Gain Compensation after PeakNotch filter/EQ

bump! Nobody? Please help!
I mean filters are around for a while, I really can't find any formulas for predicting/estimating the output peak (given filter, input peak input spectrum, what have you)..
any ideas?
thanks!

for pink noise it would be around 1/n, for white noise it will depend on the filter frequency, no?

hi roman,
Thanks for trying to help.
Not sure what n in your example is, but sure it will always be frequency dependent.
So, my problem is:
given a certain input signal (music, whatever), knowing anything you want about it (spectrum etc)
Knowing the filter (you can do anything with the filter)
can we predict the peak amplitude of the output?
(without simply filtering the whole input signal)
Prediction would be ideal to an accuracy of +-0.3 dB.

I've tried lots of things, but I can't believe there is no solution.. I've even shaped noise to the input signals spectrum etc.. can't believe there isn't a more analytical solution to this.

for noises or cosines one should at least be able to find a short cut.

but for music, i am not so sure.

dont forget that an absolute "gain" doesnt exist; there is only peaks and power to work with, and both are linked to a time variable.

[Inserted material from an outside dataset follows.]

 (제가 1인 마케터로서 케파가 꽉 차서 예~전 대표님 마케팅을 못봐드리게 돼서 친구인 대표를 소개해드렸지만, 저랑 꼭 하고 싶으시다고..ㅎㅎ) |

predicting the power or peaks output of music through a biquad would require the same calculation the biquad does i think.

as most filters distort the phase, the frequency dependence can be quite critical for narrow bandish and/or harmonic input material.

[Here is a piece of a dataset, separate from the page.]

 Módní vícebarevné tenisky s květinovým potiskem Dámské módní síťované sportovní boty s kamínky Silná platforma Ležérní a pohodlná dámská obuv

ten years ago i asked here about how to avoid biquad explosions and the answer was similar i think. ^^

'for noises or cosines one should at least be able to find a short cut.'
yup, definitely,
'dont forget that an absulte "gain" doesnt exist, there is only peaks and power, and both are linked to a time variable.'
yes. Primarily I'm interested in peak, but as you say, these are linked. I guess if I find a good estimation for peak, I can find a good one for RMS too.
'predicting the power or peaks output of music through a biquad would require the same calculation the biquad does'
Yes, very nice formulation of the problem. I hope you are wrong to some degree. I hope to be predicting the maximum level(the peak value) of output given the input.
There are loads of statistical approaches one could take (think of sending 50% the input through the filter, or the loudest 20 % for example.)
Another Approach I am taking at the moment is filtering a unit step function, so it resembles the maxima values of the spectrum of the input file, sending it through the filter, looking for the peak value.
My worst approaches where 0.2 dB off on average (but with some cases off by 2 dB).. so there are solutions!
I'm just not happy with my solutions so far and was hoping I'm overlooking something, or you guys have an idea? Also my solutions need to be fast and efficient..
Kind of reassuring that you also think it's a hard problem (you see I'm pondering about this since a year now..) thanks again roman, still open for any ideas!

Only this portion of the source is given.